By Leithen Francis in Singapore
Hainan Airlines has bought a large minority stake in CR Airways, leading to a top-level management change in the Hong Kong carrier. A senior source at CR Airways says Hainan Airlines has bought a 45% stake in CR Airways and this stake will be transferred to Grand China Air, a new holding company which Hainan Airlines is establishing to house its airlines.
Hong Kong businessman Robert Yip, head of Hong Kong company China Rich Holdings, is the major owner of CR Airways, but Hainan Airlines secured its 45% stake by buying some convertible notes held by Yu Ming Investments. Yu Ming is a publicly-traded company in Hong Kong that owns hotels and office buildings, as well as a large minority stake in Asia World Expo, Hong Kong’s new exhibition centre next to Hong Kong airport.
As for management changes, Ren Wei Dong is appointed executive president of CR Airways. Ren was previously an executive in Hainan Airlines’ aircraft procurement department. Li Qiang has been appointed chief executive, having previously been vice-president commercial at Air Macau; and Wang Shao Ping, previously an executive with Hainan Airlines’ Beijing carrier China Xinhua Airlines, has been appointed chief operating officer.

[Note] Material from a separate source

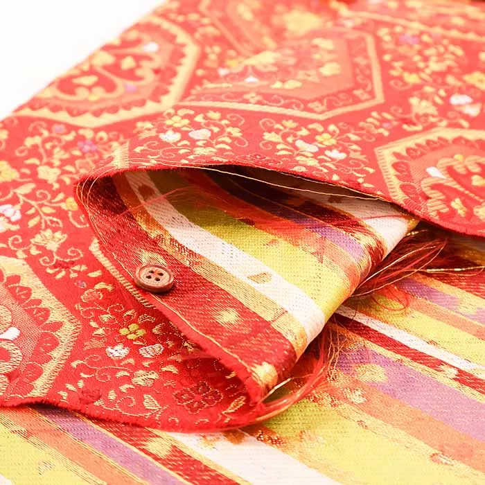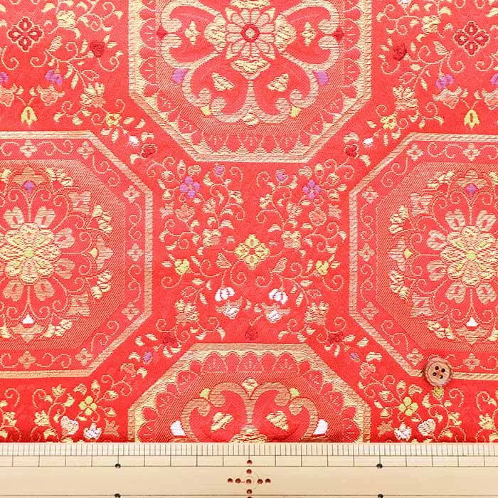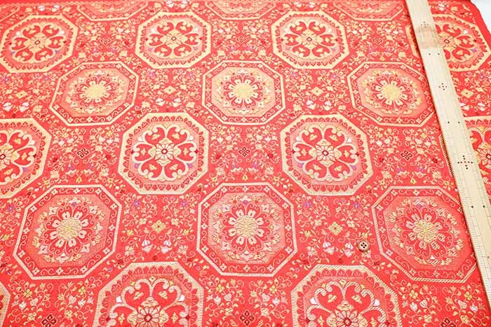 金糸や銀糸に色糸を交えて緯糸にし、紋様が浮き上がるように織った紋織物のひとつです。

Hainan Airlines originally planned to re-brand the Hong Kong airline Grand China Air, but has since decided against it. The CR Airways source says the airline will continue to be called CR Airways. Hainan Airlines plans to use CR Airways to access the international market, which means Hong Kong is to become a major international hub for Hainan. The mainland Chinese carrier will link its domestic network with CR Airways’ international network so Hainan’s passengers from mainland China can travel internationally via Hong Kong on CR Airways, says the source.